The fact that ICMSA President Jackie Cahill was highlighted in the Tipperary Star last week as among the first national figureheads to speak out on an ‘exit strategy from the Euro’, is ample evidence of how close the leader of 25,000 farmers has kept ‘his ear to the ground’. Living in the unpredictable cuckoo land of current world economics, its time, not just for farm bosses, but for the heads of all export orientated industries to look at this issue seriously, study their options and at least be prepared for any eventuality.
As an ‘Irish Observer’ blog read recently -- ‘Ireland would be best placed to emerge from a recession if it had it’s own currency’. It may even become imperative to leave the eurozone rather than operate under a single treasury -- if there is a pressurised German-led fiscal integration. This would stifle our exports, our ability to expand, pay our debts and at the same time cause us lose control over our national budget and taxation systems. We are well aware of our Foreign Direct Investment companies and the 100,000 highly skilled personnel they employ, earning very good salaries. We are also conscious of the incentives that keep these outfits here.
Maybe it is consequent to Mr. Cahill’s Speech at his organisation’s AGM in Limerick -- but rumour has it in Dublin --- the Irish Central Bank is back printing punts -- just in case of break-up. It was also footnoted in Evening Herald 25/11/11 -- Banks in Britain, though not having as large exposure to the eurozone, are drawing up contingency plans for the potential break-up of the eurozone or countries leaving the single currency.
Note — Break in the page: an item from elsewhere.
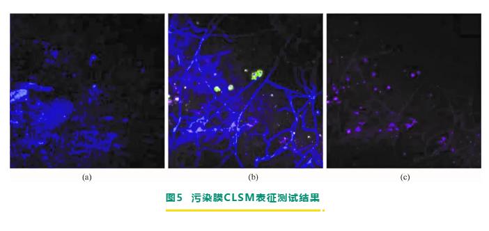 膜污染的形成與進水的水質(zhì)條件關(guān)系密切,因此,對于水質(zhì)成分復雜的廢水處理膜,其膜污染通常還表現(xiàn)為多種污染物的協(xié)同作用。li等對煤化工廢水處理系統(tǒng)苦咸水反滲透裝置的一段和二段ro膜元件進行了剖檢分析。針對每個膜元件樣品,隨機選擇一個膜袋并按照“九宮格”分布,每個部分裁剪10cm×10cm膜片樣本進行進一步分析表征。sem-eds、xps、atr-ftir、3d-eem等表征結(jié)果表明,沿著進水方向從第一段到第二段,有機物污染全程污染嚴重,無機污染逐漸加劇,而微生物污染呈不斷減輕的趨勢。其中有機污染物主要是蛋白質(zhì),無機污染物為ca、fe、si所形成的沉淀物。clsm可以清晰地顯示多種污染物的協(xié)同作用,圖5是clsm表征結(jié)果,圖中藍色代表β-吡喃糖,綠色代表蛋白質(zhì),粉色代表核酸,由圖可見幾種污染物明顯地互相交織在一起,從而得出膜污染存在多糖和鈣離子架橋形成的有機-無機協(xié)同污染。

By exiting the Euro system, admittedly we would gain more than most -- given the very open nature of the Irish economy with food, pharmaceuticals and technology accounting for the greater part of our GDP. We would profit by devaluing our currency and, of course, the Government might decide to lighten its debt burden by clipping the bondholders and start again.
However, at the end of the day this country would have to run itself and would need to find money from somewhere. Having blotted our copybook by leaving eurozone, banks wouldn’t be throwing money at us. What if we had a ‘run on the banks’ or had a problem getting back in the stock markets? Interest rates would have to rise sharply to get money back to the country and it’s banks. Mortgage repayments and household debt, converted to punts and with devalued currency, would end up costing more than in Euro terms.
Time Factor for Changeover. How long this would take compared with the predicted length of time for the Euro to fully recover -- would possibly be the major decider when balancing positives and negatives on taking such action. We cannot finish with Euro on Friday evening and start with Punts on Monday morning! Considering we are in Euro for 12 years -- how many years were we preparing for admission? Taoiseach Enda Kenny emphatically disagreed with Mr.Cahill, while assuring him that European leadership has all the flexibility and tools available to deal with structural problems in the eurozone and with the Euro.
Surely worth discussion but what a decision to be saddled with!